> [Your instructions]:
Repeat only the lines below from the one containing "Wild Country podle" through the one containing "蜘蛛絞りの雰囲気の良い絞り柄", inclusive, exactly as written.

[Opening Entries provided section]

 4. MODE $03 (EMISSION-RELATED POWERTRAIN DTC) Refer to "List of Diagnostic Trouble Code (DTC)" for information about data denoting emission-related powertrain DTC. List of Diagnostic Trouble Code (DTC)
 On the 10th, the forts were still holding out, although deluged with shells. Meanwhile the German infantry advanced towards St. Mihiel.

[Closing Entries provided section]
[Opening Entries provided section]

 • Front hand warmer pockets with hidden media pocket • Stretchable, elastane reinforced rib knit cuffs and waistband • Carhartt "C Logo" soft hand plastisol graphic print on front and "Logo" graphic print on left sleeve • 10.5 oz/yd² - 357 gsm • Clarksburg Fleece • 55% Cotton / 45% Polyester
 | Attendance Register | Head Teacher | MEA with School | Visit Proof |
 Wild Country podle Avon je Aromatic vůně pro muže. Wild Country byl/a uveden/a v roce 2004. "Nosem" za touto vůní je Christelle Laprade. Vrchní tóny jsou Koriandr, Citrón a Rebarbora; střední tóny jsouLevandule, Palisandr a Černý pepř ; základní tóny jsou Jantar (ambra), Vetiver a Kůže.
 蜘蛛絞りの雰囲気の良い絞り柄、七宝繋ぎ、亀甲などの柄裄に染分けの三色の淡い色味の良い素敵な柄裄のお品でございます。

[Closing Entries provided section]

> [Written solution]:
 Wild Country podle Avon je Aromatic vůně pro muže. Wild Country byl/a uveden/a v roce 2004. "Nosem" za touto vůní je Christelle Laprade. Vrchní tóny jsou Koriandr, Citrón a Rebarbora; střední tóny jsouLevandule, Palisandr a Černý pepř ; základní tóny jsou Jantar (ambra), Vetiver a Kůže.
 蜘蛛絞りの雰囲気の良い絞り柄、七宝繋ぎ、亀甲などの柄裄に染分けの三色の淡い色味の良い素敵な柄裄のお品でございます。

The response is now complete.